Work to complete :: From the records below, output exactly the lines starting at the line with "Auch für kleine" and ending at the line with "Bluse mit 3/4-Ärmeln", both of them included, but no pictures.

Information supplied ::
++++++++++++++++++++

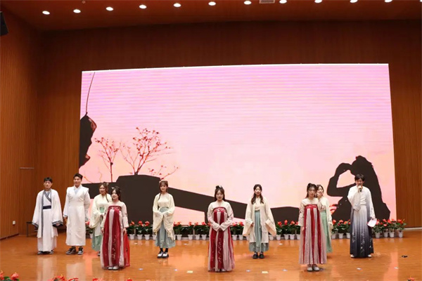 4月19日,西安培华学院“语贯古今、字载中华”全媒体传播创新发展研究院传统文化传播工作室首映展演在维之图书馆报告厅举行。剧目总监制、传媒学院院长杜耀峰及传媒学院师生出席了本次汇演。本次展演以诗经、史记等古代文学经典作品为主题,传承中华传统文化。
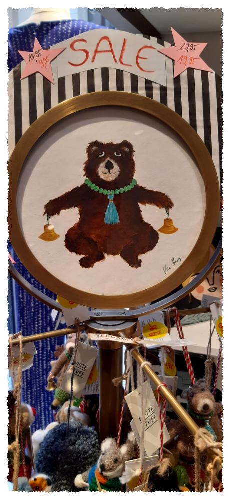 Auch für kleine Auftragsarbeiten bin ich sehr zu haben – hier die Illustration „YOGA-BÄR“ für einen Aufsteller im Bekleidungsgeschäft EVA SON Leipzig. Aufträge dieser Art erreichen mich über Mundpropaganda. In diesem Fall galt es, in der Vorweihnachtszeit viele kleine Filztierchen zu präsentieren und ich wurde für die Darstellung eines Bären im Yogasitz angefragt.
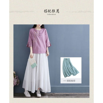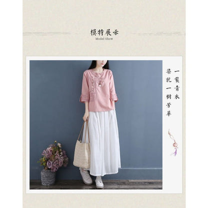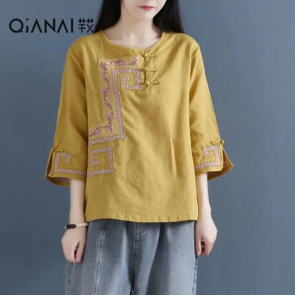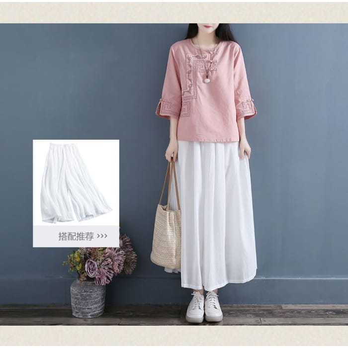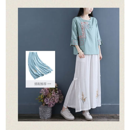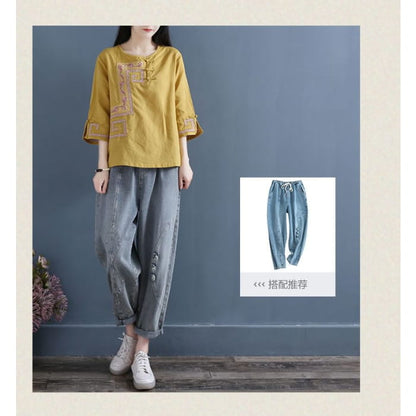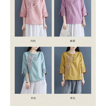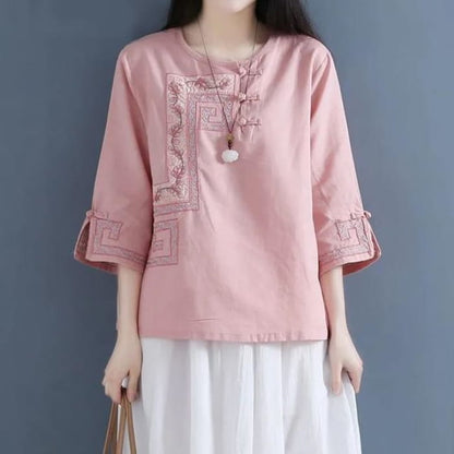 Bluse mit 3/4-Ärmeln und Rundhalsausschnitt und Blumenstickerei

++++++++++++++++++++

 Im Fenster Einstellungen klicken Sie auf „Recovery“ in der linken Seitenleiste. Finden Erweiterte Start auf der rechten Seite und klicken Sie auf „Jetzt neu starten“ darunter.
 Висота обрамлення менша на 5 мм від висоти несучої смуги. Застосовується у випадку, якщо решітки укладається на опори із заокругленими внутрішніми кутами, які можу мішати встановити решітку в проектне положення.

++++++++++++++++++++

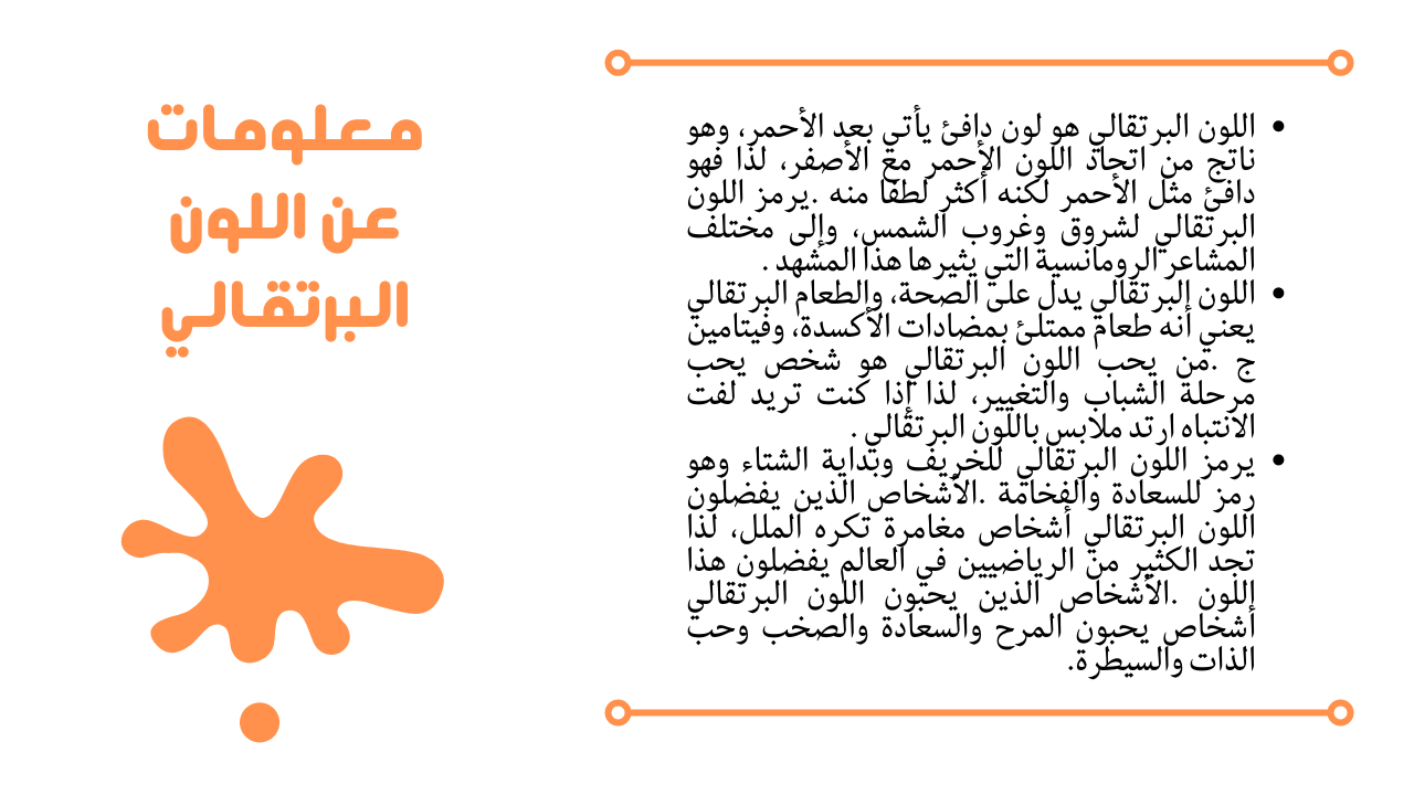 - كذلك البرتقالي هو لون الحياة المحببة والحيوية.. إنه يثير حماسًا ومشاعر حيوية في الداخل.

++++++++++++++++++++

Task solution ::
 Auch für kleine Auftragsarbeiten bin ich sehr zu haben – hier die Illustration „YOGA-BÄR“ für einen Aufsteller im Bekleidungsgeschäft EVA SON Leipzig. Aufträge dieser Art erreichen mich über Mundpropaganda. In diesem Fall galt es, in der Vorweihnachtszeit viele kleine Filztierchen zu präsentieren und ich wurde für die Darstellung eines Bären im Yogasitz angefragt.
 Bluse mit 3/4-Ärmeln und Rundhalsausschnitt und Blumenstickerei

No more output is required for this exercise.